Getting started: using Xara to explore the corpus

It is easy to explore the LCMC corpus using Xara. We have built two different servers for the character version and the Pinyin version of the corpus. The default server is set for the standard character version. To select this server, simply press the OK button after activating the Xara client by running Sara32.exe from the folder of Xara (Figure 1). To select the server for the Pinyin version, select Menu choose “LCMC_Pinyin” and confirm by pressing OK (Figure2):

Figure 1 Figure 2

All of the following operations are the same for the two versions except for one difference: type characters or Pinyin symbols as the search string depending upon the version of the LCMC you are using. In this section, we will use the default standard version for the purpose of demonstration. When a server is successfully selected, the client shows a list of corpus files available for that server (Figure 3).

Figure 3 Figure 4

There are several ways to explore the corpus with Xara. The simplest way is to type in a search word in the Quick query text box and press the Enter key. However, we can use Query builder to make very complex queries. Now suppose we want to extract all instances of the verbal-final了 -le (tagged as u) immediately followed (the link type defined as Next) by a noun (tagged as n) in sentence number 0010 in all of the 500 sample files in the 15 text categories. This complicated query can be made using Query builder of Xara. First, define the scope node (the left node in Query builder that indicates the context to search in) as “0010” using the s element (Figure 4). In the query node (the right node in Query builder), select AddKey (POS) to define the first part of the query as 了 and select the POS tag u, and the second part as Any and select the POS tag n. Then define the link type as Next (Figure 5). The search result is shown in Figure 6.

Figure 5 Figure 6

The upper part of the concordance window gives the query text (Select Query – Query text from the main menu to display the query text) while the lower window displays the concordances. The status bar of the concordance window shows the name of the corpus, the partition or subcorpus (in this case Null as we have not defined a partition), the current position of the pointer/mouse (i.e. concordance number 1), the total number of concordances (i.e., 25), the number of files in which the query is matched (10), the file name where the current concordance occurs (i.e. LCMC_A), and the file/sentence number for the current concordance (i.e. File A04 and sentence number sn0010). As we have searched in sentence number 0010 (in 500 sample files), this should be the sentence number for all of the concordances.

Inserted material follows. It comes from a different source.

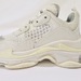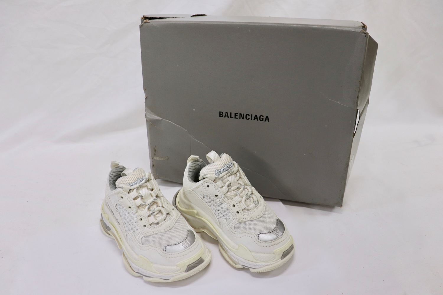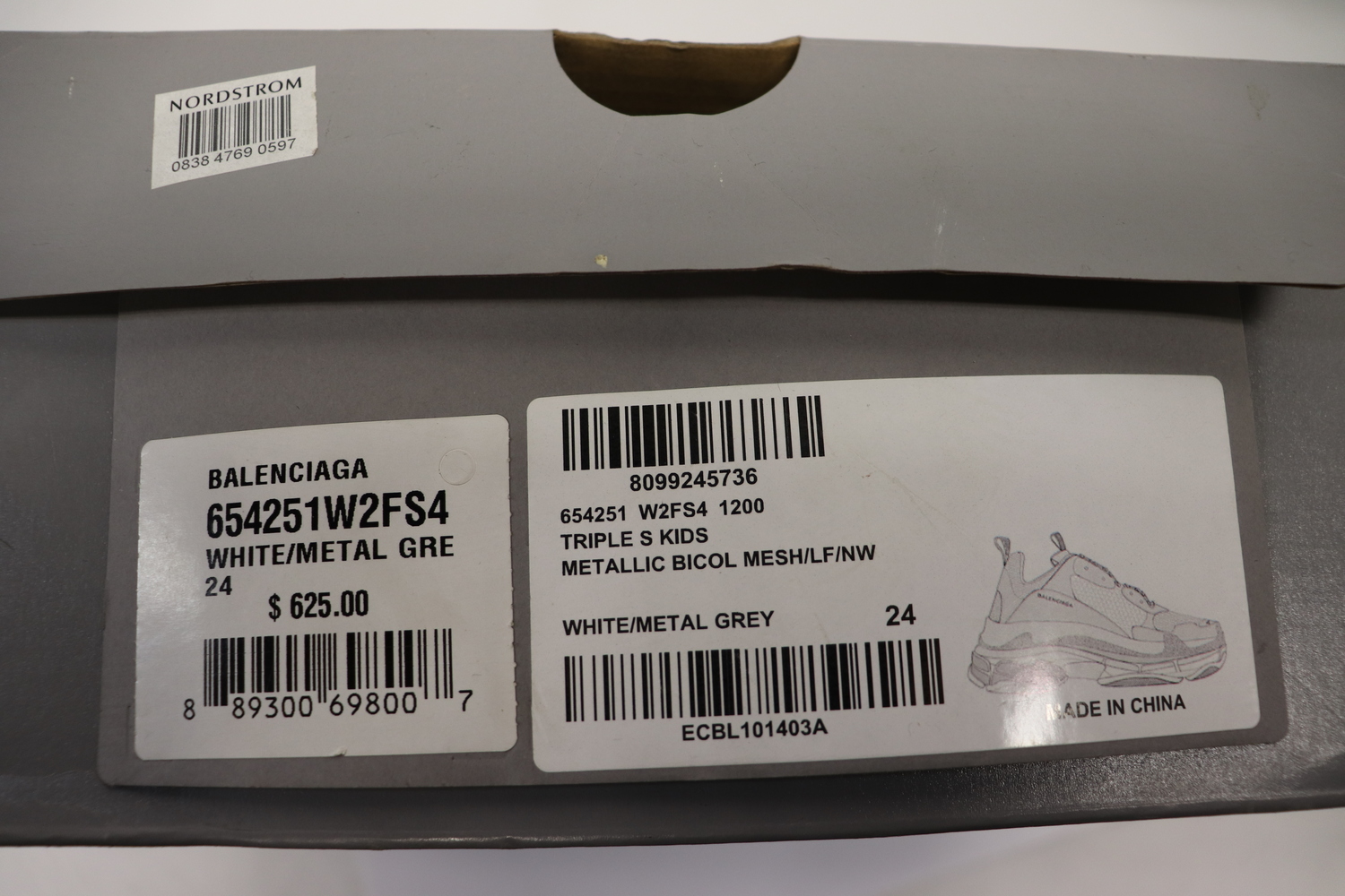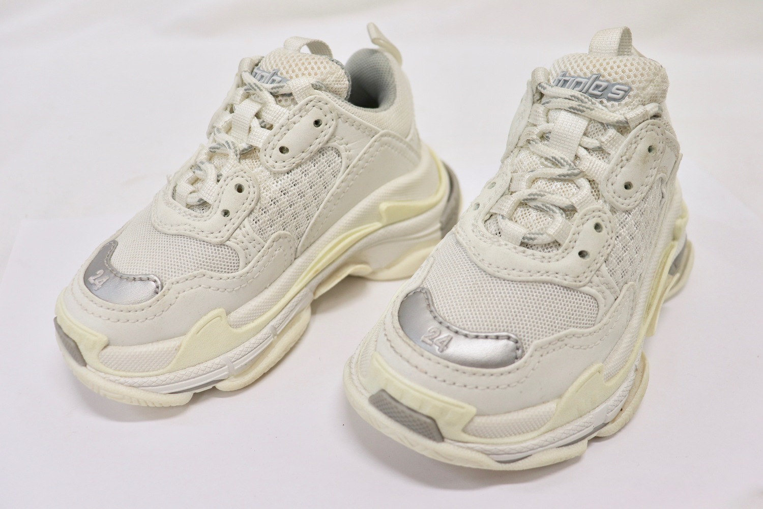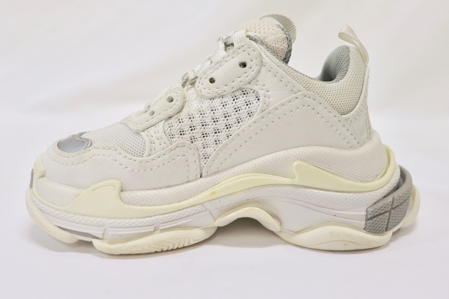 Authentic Balenciaga Triple S sneakers for kids in White / Metallic Grey. These feature the signature oversized Triple S sole with layered mesh and synthetic uppers. Pre-owned with visible signs of wear consistent with use, but remain fully wearable and structurally sound. A standout luxury sneaker in a hard-to-find kids size.

By comparison to many other corpus tools, one advantage of Xara is that it displays complete sentences while also centering the search query. Users are also given options to display concordances in the page (giving more context) or line mode (i.e. KWIC, as shown in Figure 6), in XML or plain text. Additionally, users can define their own style sheet to display selected XML elements. Xara can also compute significant collocates automatically using a statistic selected from those available by the user.

Note: To explore the corpus using WordSmith version 4, load the concodancer with corpus files in the folder \LCMC\character\texts or \LCMC\Pinyin\texts. Convert the encoding from UTF-8 to Unicode. However, make sure that you have made a copy of your data before you do so, as the original texts will be replaced!